By comparison, with conventional bypass, up to 90 percent of the new vascular connections are still open after 15 years - at least if an artery was used as a donor vessel.

Surgeon and robot as a well-rehearsed team

Professor Friedrich Wilhelm Mohr of the Heart Center Leipzig was the world's first surgeon in 1998 to perform a heart surgery without standing directly at the treatment table. He conducted surgical instruments and a tiny camera inserted into the body through eight-to-ten-millimeter cuts through a keyhole several feet away.

For several years now, the surgical robot "Da Vinci" has conquered the operating rooms of cardiac surgeons. The heart surgeons operate on the beating heart with the robot, create bypasses, replace heart valves and repair defective heart septa. In general surgery, the robot is only gradually being used. The "Da Vincis" are now in numerous university clinics and other major clinics, where they are used, inter alia, for urological procedures.

How does "Da Vinci" work?

The robot system "Da Vinci" consists of two essential components: the control console and the robot arms. The surgeon sits at the console and steers with two joysticks the electronic robotic arms, on which the (interchangeable) surgical instruments are located. In front of him he has a high-resolution 3-D video image that shows the operating field in 20- to 30-fold magnification.

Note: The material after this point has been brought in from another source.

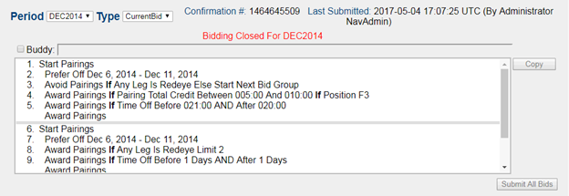 If a crewmember logs into the Web N-PBS Bidder when bidding is closed, they will see a Bidding Closed message on the interface when they select the Current Tab. A bidder cannot edit their Current bid when bidding is closed. The buttons to submit and edit bids will either be disabled or will not appear on the screen. A bidder can copy their Current bid.

The surgeon's hands rest beneath the monitor and use the instruments with the same flexibility as open surgery. Even better: the translation of the movements from the console to the instruments is jitter-free and can be adjusted individually. For example, if the surgeon turns his hand ten centimeters, the instruments move only one centimeter. In this way, the surgeon can work much more accurately and attach even the finest sutures without complications.

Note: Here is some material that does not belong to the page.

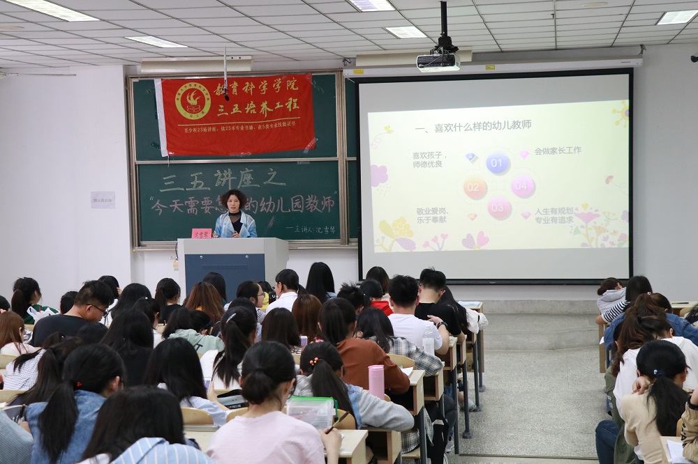 5月2日14:00,6776永利集团于8号教学楼203教室成功举办了以“今天需要怎样的幼儿园教师”为主题的三五讲座。本次讲座由幼儿园园长沈雪琴老师主讲,教科院180余名学生到场参与此次讲座。

The surgeon is not superfluous by the robot. On the contrary: Although he sits away from the patient, at no time leaves the system in control. The robot supports the surgeon and helps him to be more precise.

... and man remains human

Minimally invasive procedures are currently holding high hopes, even if the costs for a surgical robot are high. On the other hand, developments in the fields of medicine, biology and electronics are providing ever-better control and monitoring methods that make even complicated procedures easier and more controllable.

However, the risk factor human remains uncontrollable: malnutrition, smoking, alcohol, stress and a lack of exercise are still the main causes of heart disease - regardless of how well the consequences can be ironed out later.